§ **Dataset items**
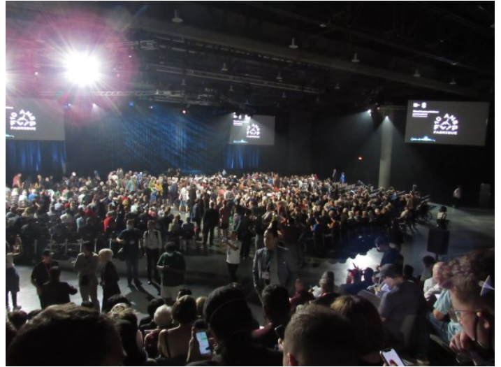
We weren't allow to take photos during the performances, but this is a shot from the bleachers of the Stage contests.
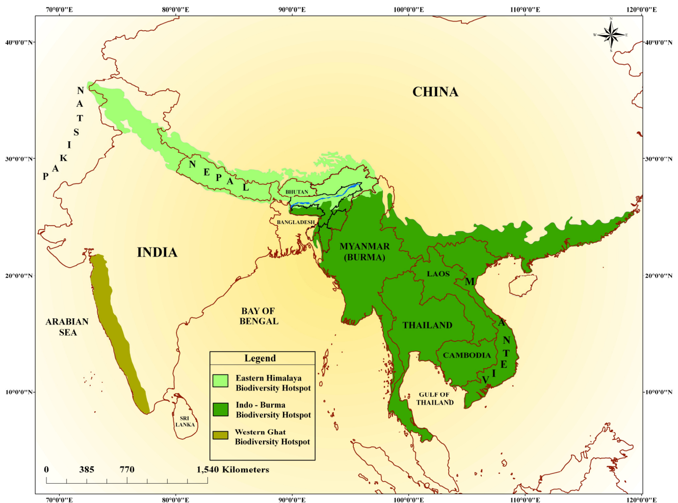
Figure 1. A digitised map showing the Himalayan and Indo-Burma biodiversity hotspot zones and the North Eastern states of India.

activities of oil explorations and direct contact of the crude oil, slugs with water and soil. The unplanned construction of embankments for preventing floods causes the loss of habitat, breeding ground and migration of fish. Several hydroelectric dams have already been constructed, or are under construction. Unplanned
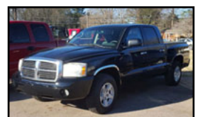
'05 Dodge Dakota 4 Door, 4X4, Leather! Test Drive Me! Stk#514
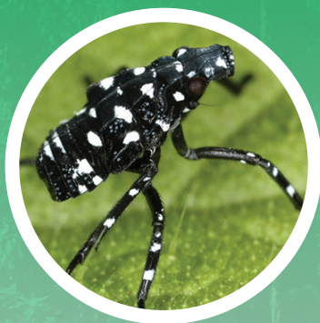
Early nymph April-July
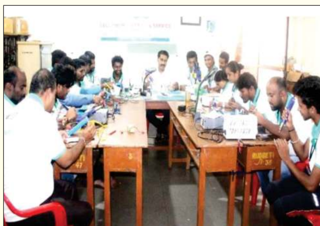
Trainees of Cell Phone Repairs & Service undergoing practical training
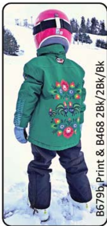
B679b, Print & B468 2Bk/2Bk/Bk

B628b- , Shell jacket in 3-layer fabric with water resistant zippers, chest pockets, side pockets, inside pocket and key card pocket. Snap attachment for optional B691b-/B692b hood. Sizes: Unisex XS-XXL.
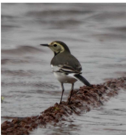
White Wagtail at Tbeng, 22/09/2011

A trip to the north of Phnom Kulen WS in search of Masked Finfoot took place on 19-21 August (FG). During the boat travel along the Stung Sen upstream from Takong, a total of five Green Peafowls were seen roosting at three locations, and a probable Chestnut-winged Cuckoo was flushed. The boat survey along the Stung Memay and surrounding flooded forest yielded an abandoned nest and bubbling call as the only evidences of the elusive finfoot. Three Asian Openbills and a starting colony of Oriental Darters (30+ birds and 15 nests on one tree) were of interest, as was a dark-morph Changeable Hawk-eagle at its nest. Pied Fantail was, surprisingly, a first record for the northern plains, and Zebra Dove was heard or seen at several places.
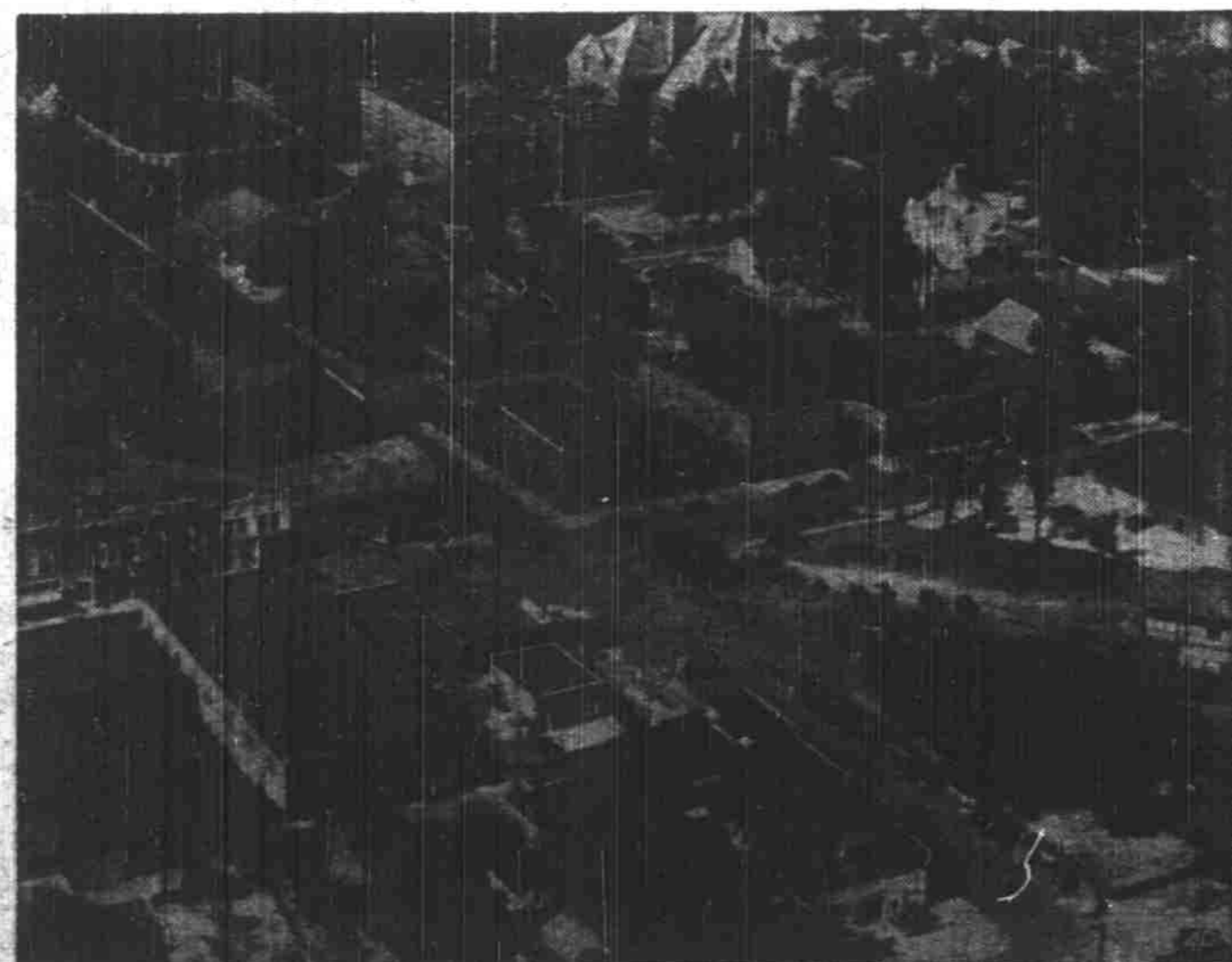
MECCA FOR REPUBLICANS —Downtown Elwood, Ind., spreads out below a plane flying over the town where Wendell Wilkie, Republican presidential nominee, will make his acceptance speech. At the top center is the towered high school house where Wilkie went to classes. "Sleepers" may be roused on the railroad tracks to serve as hotels for some of expected crowd.

§ **WHAT IS NEEDED**
Write out all of the records above. Keep them exact and leave out the pictures.

§ **RESPONSE TO THE EXERCISE**
We weren't allow to take photos during the performances, but this is a shot from the bleachers of the Stage contests.
Figure 1. A digitised map showing the Himalayan and Indo-Burma biodiversity hotspot zones and the North Eastern states of India.

activities of oil explorations and direct contact of the crude oil, slugs with water and soil. The unplanned construction of embankments for preventing floods causes the loss of habitat, breeding ground and migration of fish. Several hydroelectric dams have already been constructed, or are under construction. Unplanned
'05 Dodge Dakota 4 Door, 4X4, Leather! Test Drive Me! Stk#514
Early nymph April-July
Trainees of Cell Phone Repairs & Service undergoing practical training
B679b, Print & B468 2Bk/2Bk/Bk

B628b- , Shell jacket in 3-layer fabric with water resistant zippers, chest pockets, side pockets, inside pocket and key card pocket. Snap attachment for optional B691b-/B692b hood. Sizes: Unisex XS-XXL.
White Wagtail at Tbeng, 22/09/2011

A trip to the north of Phnom Kulen WS in search of Masked Finfoot took place on 19-21 August (FG). During the boat travel along the Stung Sen upstream from Takong, a total of five Green Peafowls were seen roosting at three locations, and a probable Chestnut-winged Cuckoo was flushed. The boat survey along the Stung Memay and surrounding flooded forest yielded an abandoned nest and bubbling call as the only evidences of the elusive finfoot. Three Asian Openbills and a starting colony of Oriental Darters (30+ birds and 15 nests on one tree) were of interest, as was a dark-morph Changeable Hawk-eagle at its nest. Pied Fantail was, surprisingly, a first record for the northern plains, and Zebra Dove was heard or seen at several places.
MECCA FOR REPUBLICANS —Downtown Elwood, Ind., spreads out below a plane flying over the town where Wendell Wilkie, Republican presidential nominee, will make his acceptance speech. At the top center is the towered high school house where Wilkie went to classes. "Sleepers" may be roused on the railroad tracks to serve as hotels for some of expected crowd.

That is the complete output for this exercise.